The first hundred milliseconds

Your query arrives at the answer endpoint. Before any retrieval begins, three things happen.

Mode resolution. Every query runs in one of three modes: light, verified, or audit. Light mode is fast with minimal checks. Verified mode enforces evidence quality constraints and cryptographic signing. Audit mode adds the strictest evidence completeness requirements and forces the system to actively look for contradictions. The mode determines not just how hard the system works to find evidence, but how much it proves about what it found.

If the system can't meet the requirements of the requested mode (say, the signing service is temporarily unavailable), it downgrades rather than failing silently. The downgrade is recorded. When you get an answer back, the response tells you both the mode you requested and the mode that was actually applied. Nothing is hidden.

Policy binding. The system loads its configuration manifest, a frozen set of every feature flag and retrieval parameter, and computes a cryptographic hash of it. This hash gets baked into the receipt that will accompany the answer. It means that months from now, anyone verifying the receipt can confirm not just what evidence was used, but exactly what configuration the system was running when it found that evidence. If the configuration has changed since the receipt was issued, the verifier knows.

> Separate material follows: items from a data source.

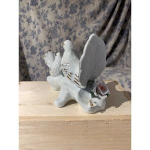 Vintage Porcelain White and Gold Love Doves on Floral Branch
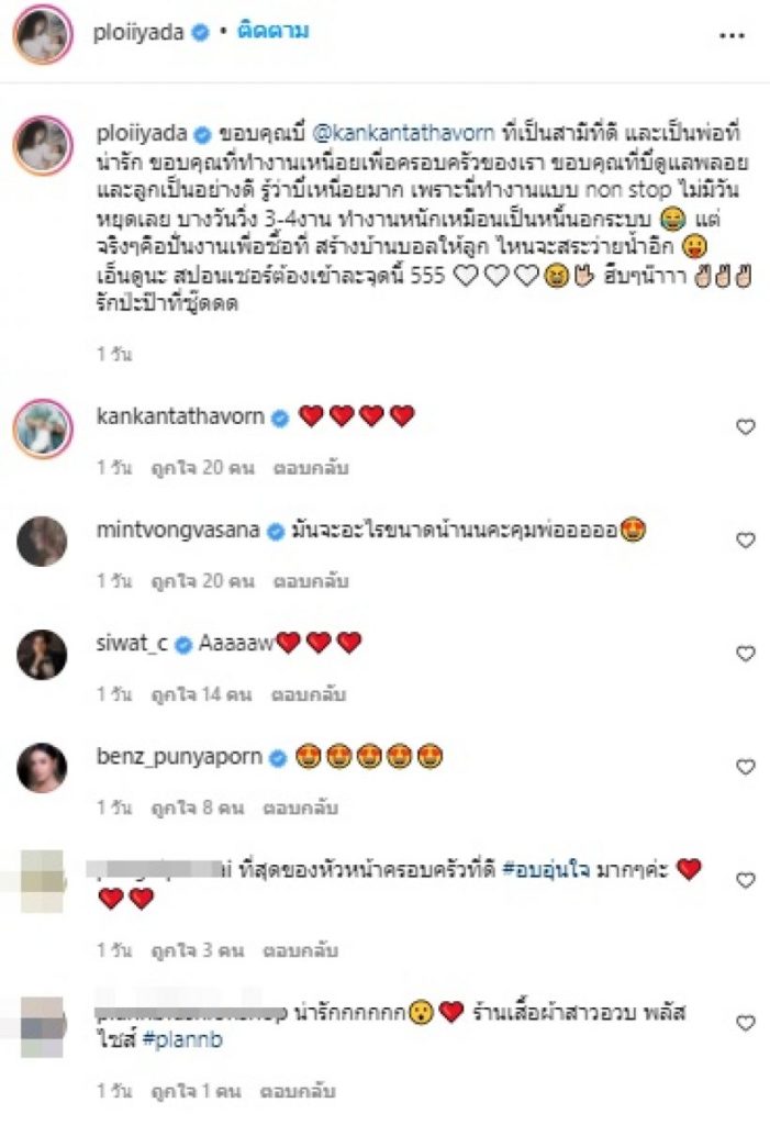 ล่าสุด “สาวพลอย” ได้โพสต์โมเมนต์น่ารักของคุณสามีที่ทักมาหาคุยกันแบบน่ารักสุด ๆ พร้อมระบุแคปชั่นว่า “ขอบคุณบี๋ @kankantathavorn ที่เป็นสามีที่ดี และเป็นพ่อที่น่ารัก ขอบคุณที่ทำงานเหนื่อยเพื่อครอบครัวของเรา ขอบคุณที่บี๋ดูแลพลอยและลูกเป็นอย่างดี รู้ว่าบี๋เหนื่อยมาก เพราะนี่ทำงานแบบ non stop ไม่มีวันหยุดเลย บางวันวิ่ง 3-4งาน ทำงานหนักเหมือนเป็นหนี้นอกระบบ แต่จริงๆคือปั่นงานเพื่อซื้อที่ สร้างบ้านบอลให้ลูก ไหนจะสระว่ายน้ำอีก เอ็นดูนะ สปอนเซอร์ต้องเข้าละจุดนี้ 555 ฮึบๆน๊าาา รักป่ะป๊าที่ซู๊ดดด”
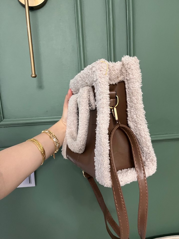 Kahverengi, yumuşak ve sıcak kumaş detaylı kadın çantası. Kürk süslemeli ve günlük sokak stiline uygun.
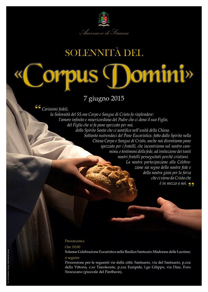 News Siracusa: sarà celebrata domani, alle ore 19 al Santuario della Madonna delle Lacrime, con una solenne concelebrazione eucaristica, presieduta dall’Arcivescovo Salvatore Pappalardo, la Sollemnitas Ss.mi Corporis et Sanguinis Christi (Solennità del Santissimo Corpo e Sangue di Cristo), alla presenza di tutto il clero del vicariato di Siracusa.
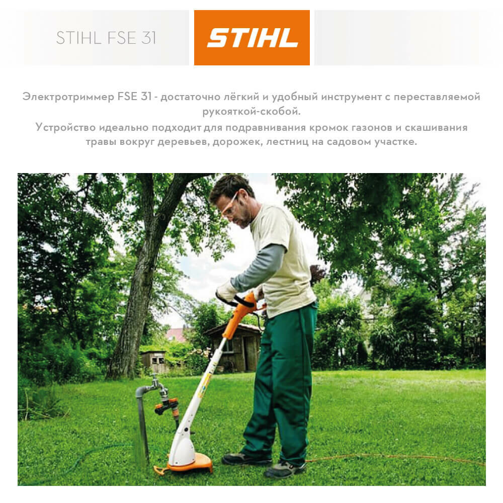 Триммер электрический Stihl FSE 31, ширина скашивания 24,5 см, 245 Вт интересное:
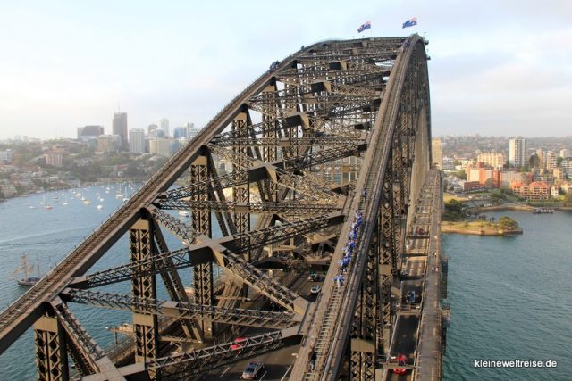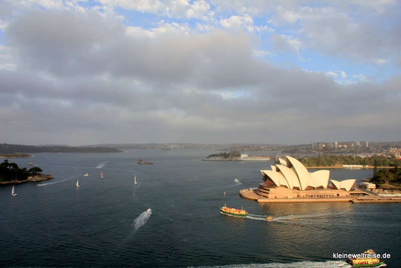 Der Blick von dem Sydney Harbour Bridge ist eine der schönsten, die ich je genossen habe. Der natürliche Hafen, das Opernhaus, die vielen Schiffe und Segelboote am besten bei schönem Wetter – wow. Es heißt sogar, der (sündhaft teure) Bridgeclimb sei es wert. Die preiswerte Variante ist die Aussichtsplattform auf dem südöstlichen Pfeiler. Egal wie, die Aussicht ist einfach wow.
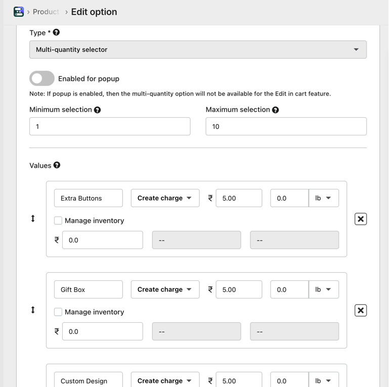 Pricing adjusts based on the quantity chosen for those option values. So if “Extra Button” costs ₹10 each and quantity 2 is selected, that adds ₹20.
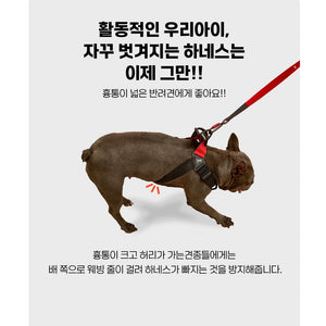 For breeds with a larger chest and a slender waist, the webbing strap around the belly prevents the harness from slipping off.
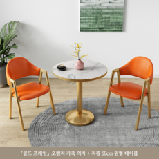 티 테이블 세트 원형 2인용 세라믹 식탁 베란다 발코니 카페, 오렌지(골드세라믹원탁60CM+의자2)
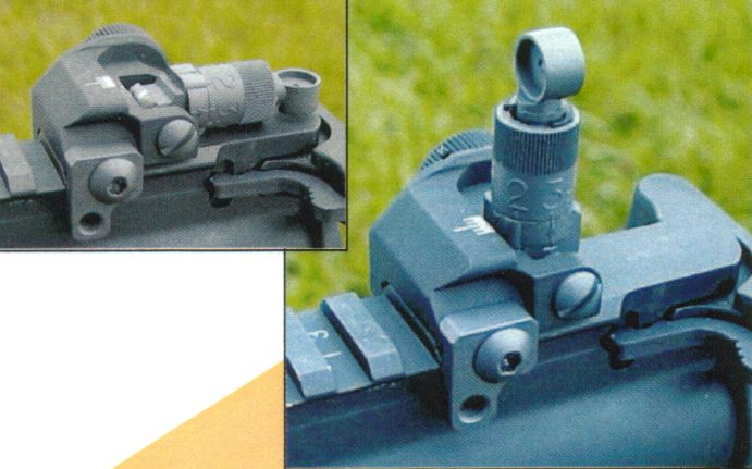 ![]() ![]() 作为后备用途的折叠式机械瞄准具也是由KAC公司生产,但很少人使用折叠的准星
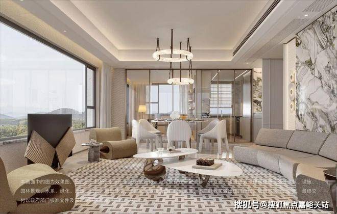 【约102㎡样板间】三房两厅两卫格局,同样的布局设计巧思应用于102㎡,打造出近乎双套房的生活体验。5米面宽横厅设计,营造极致通透感,臻选奢石融入空间,优雅时尚。厨房科学动线设计,搭配国际品牌五金和厨电,悦享精致烹饪时刻。星级主卧,独立卫浴,将空间最大程度延伸,打造舒居体验。
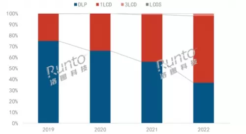 近日,根据洛图科技《中国智能投影零售市场月度追踪》报告显示, 2022年, LCD产品凭借亲民价格与优秀的配置愈发受到年轻消费群体的喜爱,市场份额达到63%,DLP份额则降至37%,预估2023年LCD份额将占超70%以上份额。
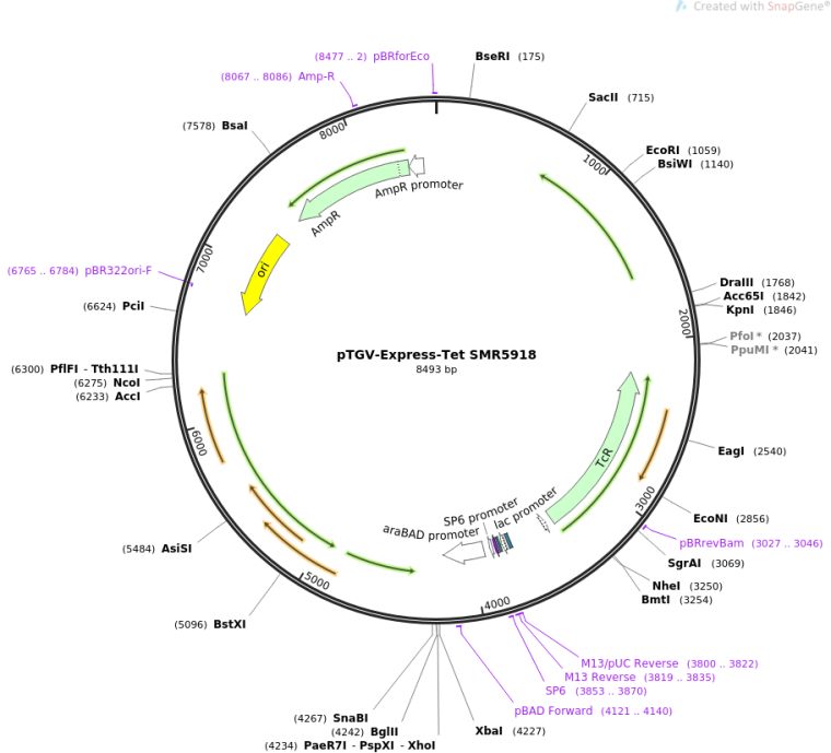 质粒名称:pTGV-Express-Tet SMR5918 质粒编号:28035 质粒备注: (Empty Backbone) 载体名称:n/a 载体大小:8493 载体类型:原核表达 原核抗性:Tetracycline, 10 μg/mL 培养温度:37℃ 克隆菌株:DH5alpha 高拷贝/低拷贝:未知 插入基因:None 克隆方法:限制性内切酶 5'测序引物:n/a 质粒图谱:

Budget allocation. Each mode gets a retrieval time budget. Light mode gets the least. Audit mode gets the most. This isn't just about performance. It determines how many retrieval lanes the system activates, how deep it searches, and how thoroughly it validates what it finds.

All of this happens before a single document is retrieved. The system has already decided how much it owes you.

Finding the evidence

Retrieval in CueCrux is not a single search. It's a structured process that runs differently depending on what you asked.

The system first determines whether your query is a precision query (asking for something specific, like a particular policy or a particular number) or a broad query (asking for an overview across multiple topics). This distinction matters because the two types need fundamentally different retrieval strategies.

For precision queries, the system runs hybrid retrieval: keyword matching and semantic similarity in parallel, fused into a single ranked list. The fusion weights are adjusted based on the content types in the corpus. Structured documents like JSON and YAML get weighted toward semantic matching because their syntax makes keyword matching less effective. Prose documents get a more balanced split.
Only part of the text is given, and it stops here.